I just caught the last half of the Italy v. US game. I usually tend to cheer for the underdogs and it is not very often that the US are underdogs but in football. They really fought it and came to a draw (thanks to Keller among others), earning a precious point to keep them in the cup. Congratulations to my american friends and readers. Now you've got a reason to watch the "soccer".

Friday, June 16, 2006

Pentagon to tap social networks?

The National Security Agency is funding research into harvesting information people post about themselves on social networks and online communities and could possibly combine these with other data to build extensive personal individual profiles. Sounds like a big brotherish conspiracy theory but the Centre for Research on Globalisation that published this article states the New Scientist as it sources. We know who you are hAcKEr345!


Social Media: Big Numbers

From ComScore Media Metrix, unique visitors in may 2006:

  1. MYSPACE.COM: 51,441,000
  2. Classmates.com: 14,792,000
  3. FACEBOOK.COM: 14,069,000
  4. YOUTUBE.COM: 12,669,000
  5. MSN Spaces: 9,566,000
  6. XANGA.COM: 7,146,000
  7. FLICKR.COM: 5,163,000
  8. Yahoo! 360°: 4,936,000
  9. LIVEJOURNAL.COM: 3,904,000
  10. MYYEARBOOK.COM: 3,048,000
I am lazy to copy it but look at ComScore Media Metrix's press release as it also includes the top 50 websites in the US per number of unique visitors. You'll need these figures the next time you try to convice a client that there is a world outside press releases.

First seen at Steve Rubel's.


Tagfetch

Tagfetch retrieves and displays on one single page all content listed on various sites for the tag you are searching for. Handy time saver.

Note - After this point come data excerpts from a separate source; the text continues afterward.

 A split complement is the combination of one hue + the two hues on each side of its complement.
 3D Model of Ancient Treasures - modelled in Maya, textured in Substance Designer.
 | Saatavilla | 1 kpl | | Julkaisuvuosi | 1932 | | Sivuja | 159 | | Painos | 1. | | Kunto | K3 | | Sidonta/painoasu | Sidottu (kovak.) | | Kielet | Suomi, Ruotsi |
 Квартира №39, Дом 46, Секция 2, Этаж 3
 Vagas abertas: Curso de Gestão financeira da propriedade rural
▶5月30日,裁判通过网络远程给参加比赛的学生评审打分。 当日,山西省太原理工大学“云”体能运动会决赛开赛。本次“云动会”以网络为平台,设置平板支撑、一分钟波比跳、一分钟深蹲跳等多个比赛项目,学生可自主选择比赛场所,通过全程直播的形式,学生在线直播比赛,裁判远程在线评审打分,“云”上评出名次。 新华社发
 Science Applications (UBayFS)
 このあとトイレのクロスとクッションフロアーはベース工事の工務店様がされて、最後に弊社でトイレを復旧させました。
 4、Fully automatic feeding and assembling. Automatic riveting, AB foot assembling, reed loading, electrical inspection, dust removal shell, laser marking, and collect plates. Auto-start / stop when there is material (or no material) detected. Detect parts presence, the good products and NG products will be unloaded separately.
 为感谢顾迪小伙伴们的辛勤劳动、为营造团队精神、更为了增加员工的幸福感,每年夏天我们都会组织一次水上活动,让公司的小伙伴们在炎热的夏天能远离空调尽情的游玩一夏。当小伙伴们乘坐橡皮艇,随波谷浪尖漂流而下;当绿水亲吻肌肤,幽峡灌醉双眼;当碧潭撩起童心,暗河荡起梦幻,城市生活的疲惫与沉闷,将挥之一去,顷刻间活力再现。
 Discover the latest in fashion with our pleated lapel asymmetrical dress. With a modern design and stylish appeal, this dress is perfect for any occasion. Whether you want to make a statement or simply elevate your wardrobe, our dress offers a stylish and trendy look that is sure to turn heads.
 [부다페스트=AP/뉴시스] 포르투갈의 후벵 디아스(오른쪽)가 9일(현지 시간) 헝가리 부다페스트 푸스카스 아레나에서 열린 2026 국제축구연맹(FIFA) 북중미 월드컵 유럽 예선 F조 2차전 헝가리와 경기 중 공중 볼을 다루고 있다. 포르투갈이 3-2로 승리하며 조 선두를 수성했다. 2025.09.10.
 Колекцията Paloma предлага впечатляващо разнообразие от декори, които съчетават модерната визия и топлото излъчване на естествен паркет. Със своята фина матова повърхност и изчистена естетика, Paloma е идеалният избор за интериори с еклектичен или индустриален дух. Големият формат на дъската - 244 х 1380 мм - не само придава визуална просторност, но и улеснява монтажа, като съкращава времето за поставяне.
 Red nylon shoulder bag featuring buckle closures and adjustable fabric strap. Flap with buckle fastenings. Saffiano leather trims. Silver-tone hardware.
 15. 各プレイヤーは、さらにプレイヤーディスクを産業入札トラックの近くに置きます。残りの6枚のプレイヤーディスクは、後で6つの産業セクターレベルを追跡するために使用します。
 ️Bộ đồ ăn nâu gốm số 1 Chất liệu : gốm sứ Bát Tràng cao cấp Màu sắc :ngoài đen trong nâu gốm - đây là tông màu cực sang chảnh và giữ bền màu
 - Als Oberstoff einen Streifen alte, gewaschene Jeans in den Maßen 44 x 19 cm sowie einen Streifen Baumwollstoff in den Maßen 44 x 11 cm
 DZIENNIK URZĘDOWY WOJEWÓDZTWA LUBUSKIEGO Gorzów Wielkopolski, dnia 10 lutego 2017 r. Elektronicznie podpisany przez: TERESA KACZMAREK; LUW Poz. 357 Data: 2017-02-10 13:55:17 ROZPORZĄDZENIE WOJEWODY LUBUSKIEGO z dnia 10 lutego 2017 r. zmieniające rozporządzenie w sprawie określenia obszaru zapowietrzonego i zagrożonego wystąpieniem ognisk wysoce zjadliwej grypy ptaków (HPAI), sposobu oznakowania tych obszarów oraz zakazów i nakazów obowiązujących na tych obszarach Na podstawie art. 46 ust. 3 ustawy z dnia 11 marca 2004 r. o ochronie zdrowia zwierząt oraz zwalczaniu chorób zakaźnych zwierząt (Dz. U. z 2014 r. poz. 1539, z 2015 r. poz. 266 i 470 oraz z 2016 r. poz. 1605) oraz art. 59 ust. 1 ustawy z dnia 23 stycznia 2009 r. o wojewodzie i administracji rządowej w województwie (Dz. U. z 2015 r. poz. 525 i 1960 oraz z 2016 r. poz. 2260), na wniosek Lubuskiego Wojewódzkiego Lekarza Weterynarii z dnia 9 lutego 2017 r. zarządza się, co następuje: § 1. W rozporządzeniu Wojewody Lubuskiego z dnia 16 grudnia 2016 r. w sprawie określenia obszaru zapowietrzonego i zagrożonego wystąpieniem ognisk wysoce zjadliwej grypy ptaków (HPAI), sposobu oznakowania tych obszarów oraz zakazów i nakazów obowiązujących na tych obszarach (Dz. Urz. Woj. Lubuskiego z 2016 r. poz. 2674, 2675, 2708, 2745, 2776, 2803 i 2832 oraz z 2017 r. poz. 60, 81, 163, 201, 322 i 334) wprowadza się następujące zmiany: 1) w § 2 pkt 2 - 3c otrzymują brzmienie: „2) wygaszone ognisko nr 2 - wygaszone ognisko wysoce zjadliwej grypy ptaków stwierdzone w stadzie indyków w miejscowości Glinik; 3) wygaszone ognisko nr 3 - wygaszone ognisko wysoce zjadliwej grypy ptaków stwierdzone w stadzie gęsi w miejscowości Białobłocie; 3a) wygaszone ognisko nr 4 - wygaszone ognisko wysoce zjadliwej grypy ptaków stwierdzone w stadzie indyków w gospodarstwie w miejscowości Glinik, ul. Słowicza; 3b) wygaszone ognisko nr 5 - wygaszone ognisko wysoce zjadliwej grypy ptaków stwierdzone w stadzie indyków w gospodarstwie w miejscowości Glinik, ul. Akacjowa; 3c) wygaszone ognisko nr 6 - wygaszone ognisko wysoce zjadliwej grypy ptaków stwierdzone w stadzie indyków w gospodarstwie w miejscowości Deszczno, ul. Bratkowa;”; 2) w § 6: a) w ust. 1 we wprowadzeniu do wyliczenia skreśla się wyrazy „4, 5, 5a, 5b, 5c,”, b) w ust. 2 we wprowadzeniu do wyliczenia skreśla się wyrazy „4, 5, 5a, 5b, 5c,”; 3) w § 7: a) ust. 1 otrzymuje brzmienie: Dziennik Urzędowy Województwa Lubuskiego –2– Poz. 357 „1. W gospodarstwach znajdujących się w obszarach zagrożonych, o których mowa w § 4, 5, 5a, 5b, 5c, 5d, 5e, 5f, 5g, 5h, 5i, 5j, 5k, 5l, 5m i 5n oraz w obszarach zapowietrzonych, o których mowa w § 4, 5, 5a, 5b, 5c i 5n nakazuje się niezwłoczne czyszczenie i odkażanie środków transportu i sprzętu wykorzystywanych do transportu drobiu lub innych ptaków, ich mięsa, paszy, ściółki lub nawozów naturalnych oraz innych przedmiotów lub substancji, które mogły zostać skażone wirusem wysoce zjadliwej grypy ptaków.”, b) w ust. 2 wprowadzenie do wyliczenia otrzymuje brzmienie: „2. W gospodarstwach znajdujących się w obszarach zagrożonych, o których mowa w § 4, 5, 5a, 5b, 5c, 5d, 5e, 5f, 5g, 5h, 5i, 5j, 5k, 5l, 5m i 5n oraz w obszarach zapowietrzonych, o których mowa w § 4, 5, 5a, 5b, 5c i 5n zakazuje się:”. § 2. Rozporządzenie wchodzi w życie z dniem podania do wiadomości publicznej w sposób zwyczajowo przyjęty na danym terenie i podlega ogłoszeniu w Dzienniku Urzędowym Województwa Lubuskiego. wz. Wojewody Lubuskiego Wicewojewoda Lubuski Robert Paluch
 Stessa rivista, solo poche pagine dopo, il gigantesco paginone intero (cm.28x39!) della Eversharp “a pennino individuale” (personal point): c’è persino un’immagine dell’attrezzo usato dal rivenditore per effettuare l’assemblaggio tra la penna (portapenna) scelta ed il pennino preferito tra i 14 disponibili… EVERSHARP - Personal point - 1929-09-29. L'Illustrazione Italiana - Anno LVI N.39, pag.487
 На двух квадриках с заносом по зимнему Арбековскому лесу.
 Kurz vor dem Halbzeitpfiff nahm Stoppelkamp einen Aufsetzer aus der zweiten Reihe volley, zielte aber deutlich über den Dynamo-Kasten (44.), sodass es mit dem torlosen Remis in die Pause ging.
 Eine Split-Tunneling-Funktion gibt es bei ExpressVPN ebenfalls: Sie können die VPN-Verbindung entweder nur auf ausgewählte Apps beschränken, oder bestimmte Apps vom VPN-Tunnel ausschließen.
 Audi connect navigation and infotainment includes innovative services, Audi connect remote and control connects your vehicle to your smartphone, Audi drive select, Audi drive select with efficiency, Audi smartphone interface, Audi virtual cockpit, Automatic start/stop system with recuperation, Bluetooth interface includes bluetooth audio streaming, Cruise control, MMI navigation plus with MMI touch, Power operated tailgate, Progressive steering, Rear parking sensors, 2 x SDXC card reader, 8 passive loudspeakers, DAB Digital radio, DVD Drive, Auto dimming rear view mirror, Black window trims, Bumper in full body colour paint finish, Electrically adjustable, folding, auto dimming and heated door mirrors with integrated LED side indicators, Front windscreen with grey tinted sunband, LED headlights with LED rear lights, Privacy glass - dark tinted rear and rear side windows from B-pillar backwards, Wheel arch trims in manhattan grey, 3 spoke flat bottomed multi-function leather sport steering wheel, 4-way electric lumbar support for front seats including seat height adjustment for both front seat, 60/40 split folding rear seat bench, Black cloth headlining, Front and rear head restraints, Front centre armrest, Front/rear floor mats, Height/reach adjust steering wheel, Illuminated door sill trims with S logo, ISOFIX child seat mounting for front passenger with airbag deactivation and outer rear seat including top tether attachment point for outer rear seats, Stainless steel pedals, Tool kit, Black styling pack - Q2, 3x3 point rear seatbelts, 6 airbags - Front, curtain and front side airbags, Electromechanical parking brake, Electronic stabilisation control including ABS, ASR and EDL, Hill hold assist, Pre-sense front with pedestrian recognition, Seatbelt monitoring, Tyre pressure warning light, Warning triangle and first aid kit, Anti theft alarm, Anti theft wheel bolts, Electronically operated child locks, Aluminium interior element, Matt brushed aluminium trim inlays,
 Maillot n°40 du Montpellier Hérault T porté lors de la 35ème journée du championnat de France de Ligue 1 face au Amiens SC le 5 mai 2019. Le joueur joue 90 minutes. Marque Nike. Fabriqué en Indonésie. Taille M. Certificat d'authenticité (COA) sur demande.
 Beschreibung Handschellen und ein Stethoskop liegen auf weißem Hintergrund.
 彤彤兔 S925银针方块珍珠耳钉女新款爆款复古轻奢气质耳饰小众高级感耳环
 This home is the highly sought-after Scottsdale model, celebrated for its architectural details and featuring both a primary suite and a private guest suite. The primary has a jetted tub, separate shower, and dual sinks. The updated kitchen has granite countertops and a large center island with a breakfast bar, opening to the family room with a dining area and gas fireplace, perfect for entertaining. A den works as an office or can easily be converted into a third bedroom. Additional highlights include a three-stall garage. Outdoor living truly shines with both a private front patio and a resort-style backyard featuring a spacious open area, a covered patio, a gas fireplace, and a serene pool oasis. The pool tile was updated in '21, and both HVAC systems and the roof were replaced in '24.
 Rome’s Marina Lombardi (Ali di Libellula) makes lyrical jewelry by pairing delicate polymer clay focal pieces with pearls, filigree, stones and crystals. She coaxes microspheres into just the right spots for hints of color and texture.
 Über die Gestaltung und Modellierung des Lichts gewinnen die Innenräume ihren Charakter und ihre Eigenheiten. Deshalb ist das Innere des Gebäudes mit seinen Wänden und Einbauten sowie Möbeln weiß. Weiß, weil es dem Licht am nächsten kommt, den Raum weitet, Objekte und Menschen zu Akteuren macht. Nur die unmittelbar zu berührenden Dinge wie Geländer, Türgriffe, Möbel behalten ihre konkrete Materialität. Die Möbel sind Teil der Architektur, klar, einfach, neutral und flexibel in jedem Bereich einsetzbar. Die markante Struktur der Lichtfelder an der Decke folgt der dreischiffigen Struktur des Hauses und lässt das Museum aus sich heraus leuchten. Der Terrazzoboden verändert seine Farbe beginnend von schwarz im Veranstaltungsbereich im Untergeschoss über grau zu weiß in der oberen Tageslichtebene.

Via Steve Rubel who retrieves and displays on one single blog all new applications you are searching for. Handy time saver.

Tags:

Wednesday, June 14, 2006

Diet coke + mentos = unhappy brand managers

There has been a renewed interest in practical science recently as seen in hundreds of video clips demonstrating that if you drop a mentos into a bottle of diet coke, a natural chemical reaction occurs and turns a refreshing carbonated beverage into a spectacular geyser. The story was even featured in Monday's issue of the WSJ. Coke's reaction has not been very enthusiastic: "It's an entertaining phenomenon ... [but] doesn't fit with the brand personality of Diet Coke". I sympathise, it is a far cry for Diet Coke's more feminine and sophisticated image. But it is very entertaining. Rich Smith thinks Coca Cola should capitalise on this user generated trend instead of snubbing it.

Yet another example of consumers 2.0. derailing a campaign from traditional advertisers' carefully laid out tracks.